In Reagan the appellate court found it had jurisdiction to review the merits of the trial court’s dismissal “with prejudice” against one named defendant, despite the absence of a Rule 304(a) finding and the fact there was only a voluntary dismissal “without prejudice” as to other named defendants. The court observed that for an order of dismissal to be final and appealable, it must be entered “with prejudice” as to at least some of the parties or claims. Reagan, 140 Ill. App. 3d at 61-62.

In Howard the plaintiff sued several defendants. One count of the four-count complaint sounded in legal malpractice. The trial court granted a motion to dismiss the legal malpractice claim for failure to state a cause of action and subsequently denied plaintiff’s motion to file an amended count reasserting the malpractice claim. Plaintiff later nonsuited the remaining defendants and appealed. On consideration of a motion to dismiss the appeal for lack of jurisdiction, the reviewing court, relying on Reagan, held that because an order of dismissal had been entered with prejudice that ruling could be the *53subject of an appeal, without the requisite Rule 304(a) finding. Howard, 238 Ill. App. 3d at 940-41.

Depp argues the Howard court ruling is erroneous in that the court ignored the requirements of Supreme Court Rule 304(a), thereby rendering the rule meaningless.

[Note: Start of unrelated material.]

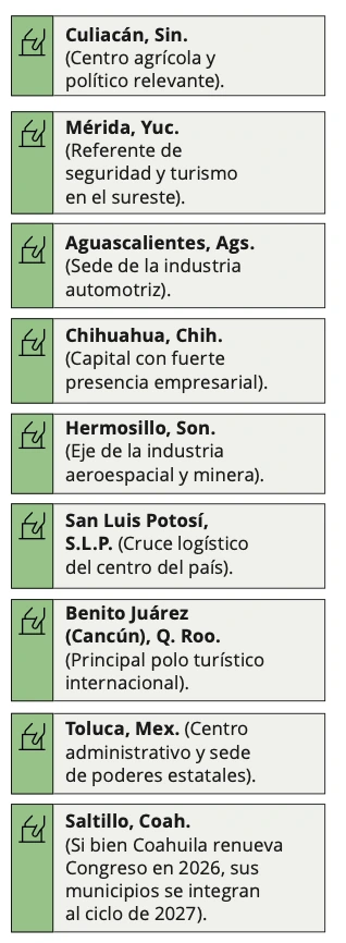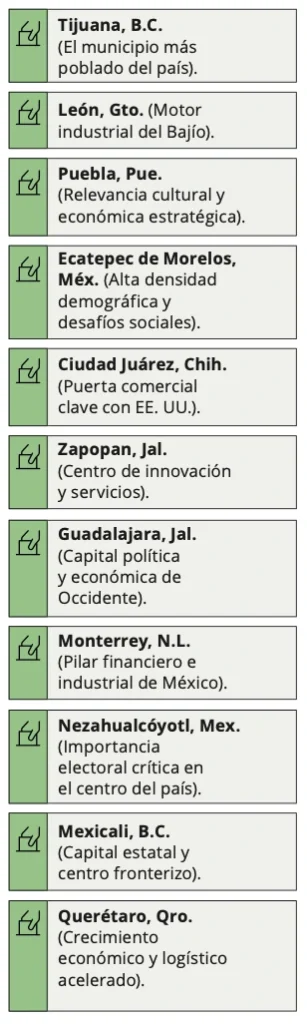 Por su peso poblacional, aportación al PIB y complejidad política, estos son los 20 municipios más relevantes que tendrán elecciones para presidencias municipales y cabildos:

Following the holdings in Reagan, Howard and Gillen, once the plaintiffs voluntarily dismissed the remaining defendants, the order of dismissal with prejudice as to the adult plaintiffs could be the subject of an appeal without the requisite Rule 304(a) finding. However, none of those cases involved a situation like the present case, where the plaintiffs’ claim was refiled during the appeal process.

Initially, we find since Depp’s dismissal was without prejudice as to Matthew, and therefore Matthew is not precluded from refiling his claim, we lack jurisdiction to hear Matthew’s appeal. Next, on July 15, 1993, the plaintiffs refiled their complaint against the hospital, Nosek and Reedy. The plaintiffs chose to take advantage of their right to refile their claim, yet at the same time seek to retain the benefit of the previous dismissal. In the present case allowing an appeal from the order of August 6, 1990, dismissing the case with prejudice as to Valorie and Scott violates the very purpose of Rule 304(a), which is to discourage piecemeal appeals and to remove the uncertainty which exists when a final judgment is entered on less than all matters in the controversy. (See Mares v. Metzler (1980), 87 Ill. App. 3d 881, 884, 409 N.E.2d 447.) As Depp argued in his motion, the result in the present case would be litigation pending in both the trial court and the appellate court. In the absence of a finding that “there is not just reason to delay enforcement or appeal” pursuant to Supreme Court Rule 304(a), we conclude the order appealed from, although once final by the voluntary dismissal, became nonfinal when the adult plaintiffs refiled their complaint.

Appeal dismissed.

GORDON, P.J., and McNULTY, J., concur.